Serum genistein concentrations in TRAMP mice on diets containing increasing concentrations of genistein. Starting at 5–6 weeks of age until they were 28–30 weeks of age, transgenic males were fed AIN-76A diet containing increasing levels of genistein. Genistein concentrations in the serum were determined in mice fed 250 mg of genistein per kg AIN-76A (n = 5), 500 mg of genistein per kg AIN-76A (n = 6), and controls on AIN-76A diet without genistein (n = 14). A significant difference between mean genistein concentrations in the three experimental groups was found using one-way ANOVA, followed by an all pairwise multiple comparison procedure (Tukey test; P < 0.001).

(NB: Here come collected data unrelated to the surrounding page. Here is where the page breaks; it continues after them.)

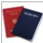
Passports, savings books and service booklets
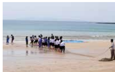
② Beach seine fishing
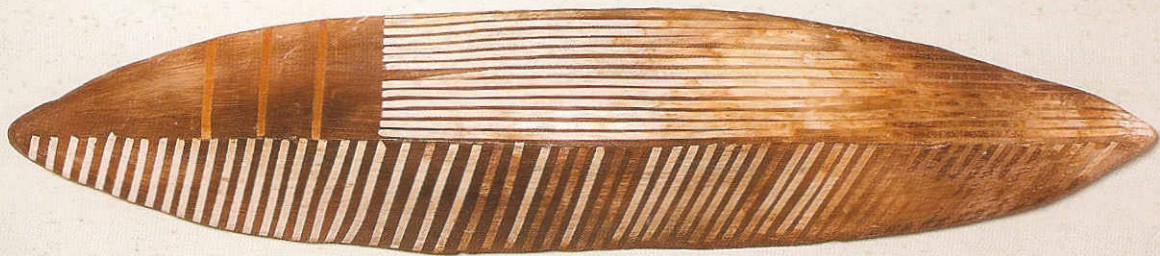
Wall Pod 32"L
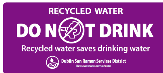
Large container stickers 4" X 8"
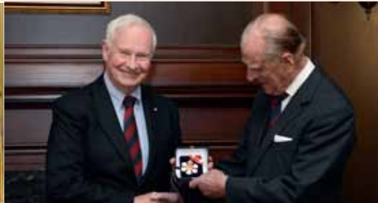
During a visit to Toronto in April, His Excellency presented the insignia of Companion of the Order of Canada to His Royal Highness The Prince Philip, Duke of Edinburgh.
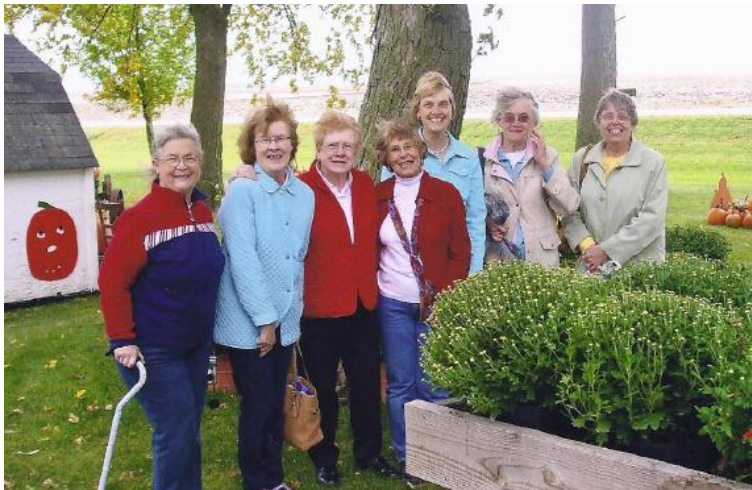
September 26 day trip to "Barn Quilts of Hamilton County".

Stitchery meets on the first Monday of each month from 1-4 p.m., October through May, and at other times as indicated for special projects. The focus is on traditional stitchery techniques with modern applications. Division dues are $5 per year. Unless noted otherwise, meetings are held at the Greater Iowa Credit Union, 2623 Northridge Pkwy. Membership is open and guests are welcome.
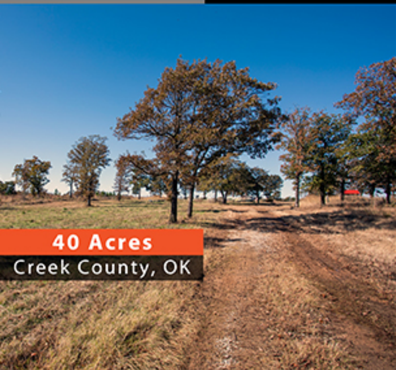
40 Acres Creek County, OK
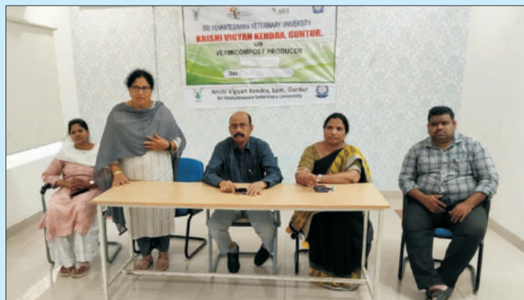
Training cum Method Demonstration on Vermicompost Production
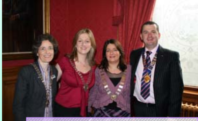
Civic Lunch in Aberdeen

Nine members from Edinburgh made their way up to Aberdeen for the JCI Scotland National Conference. Great friendships were made, fun and laughter was had by all and development was gained through fantastic key note speakers and training.
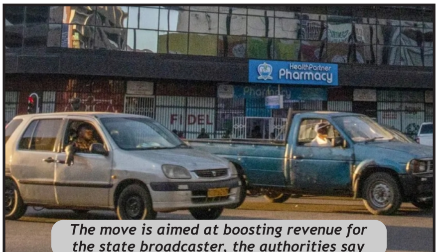
The move is aimed at boosting revenue for the state broadcaster, the authorities say

opposition has complained of unfair coverage by the broadcaster, especially during elections. ZBC has denied the accusation. Under the new Broadcasting Services Amendment Act, all motorists must now pay the radio licence fee before they can renew their vehicle insurance or obtain a licence from the Zimbabwe National Road Authority (Zinara).The changes, which were recently approved by parliament, pegs the fee at $23 per quarter, amounting to $92 per year.BBC

Two criteria were used for gross evaluation of the possibility that genistein might be toxic: (a) changes in body weight; and (b) changes in organ weight.

Results in Fig. 5 are the means of body weights in each experimental group ± SD, as a function of age (weeks). Because data were not normally distributed with equal variance, Kruskal-Wallis ANOVA, followed by an all pairwise multiple comparison procedure (Dunn’s method), was used to compare the experimental groups. The median values obtained at each time point, respectively, were not significantly different in the groups fed diets containing various levels of genistein. In conclusion, results indicated that genistein in the diet did not significantly affect body weight at any age.

Fig. 5.
Fig. 5.

Genistein administered in the diet does not affect body weight. Starting at 5–6 weeks until they were 28–30 weeks of age, transgenic males were fed AIN-76A diets containing 0, 100, 250, or 500 mg of genistein per kg AIN-76A (25, 10, 17, and 7 mice/group, respectively). Results shown are the means of body weights in each experimental group ± SD, as a function of age (weeks). Comparison of mean body weights using Kruskal-Wallis one-way ANOVA, followed by an all pairwise multiple comparison procedure (Dunn’s method), did not detect any significant effect of genistein on body weight, at any age.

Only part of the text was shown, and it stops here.